What the task requires
Your task is to repeat exactly the lines below between the line holding "Удлинитель электрический Эра" and the line holding "Il lavello è", inclusive, and only those.

Source material
==================================================

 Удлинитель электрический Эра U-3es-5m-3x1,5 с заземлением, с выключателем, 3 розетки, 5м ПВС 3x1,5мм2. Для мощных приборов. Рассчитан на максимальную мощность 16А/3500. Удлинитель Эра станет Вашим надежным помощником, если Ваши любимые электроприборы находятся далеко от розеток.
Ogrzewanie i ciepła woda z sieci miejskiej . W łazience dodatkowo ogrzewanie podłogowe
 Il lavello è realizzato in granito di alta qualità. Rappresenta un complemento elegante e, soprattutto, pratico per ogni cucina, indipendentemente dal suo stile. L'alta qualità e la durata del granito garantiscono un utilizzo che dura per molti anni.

==================================================

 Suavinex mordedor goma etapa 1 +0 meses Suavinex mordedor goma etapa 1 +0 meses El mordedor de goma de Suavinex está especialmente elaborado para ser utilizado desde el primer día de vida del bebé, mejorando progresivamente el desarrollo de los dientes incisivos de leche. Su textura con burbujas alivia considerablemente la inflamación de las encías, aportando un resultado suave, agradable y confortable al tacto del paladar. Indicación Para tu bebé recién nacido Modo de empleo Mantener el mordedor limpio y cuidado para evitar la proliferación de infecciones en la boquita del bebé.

==================================================

Result
 Удлинитель электрический Эра U-3es-5m-3x1,5 с заземлением, с выключателем, 3 розетки, 5м ПВС 3x1,5мм2. Для мощных приборов. Рассчитан на максимальную мощность 16А/3500. Удлинитель Эра станет Вашим надежным помощником, если Ваши любимые электроприборы находятся далеко от розеток.
Ogrzewanie i ciepła woda z sieci miejskiej . W łazience dodatkowo ogrzewanie podłogowe
 Il lavello è realizzato in granito di alta qualità. Rappresenta un complemento elegante e, soprattutto, pratico per ogni cucina, indipendentemente dal suo stile. L'alta qualità e la durata del granito garantiscono un utilizzo che dura per molti anni.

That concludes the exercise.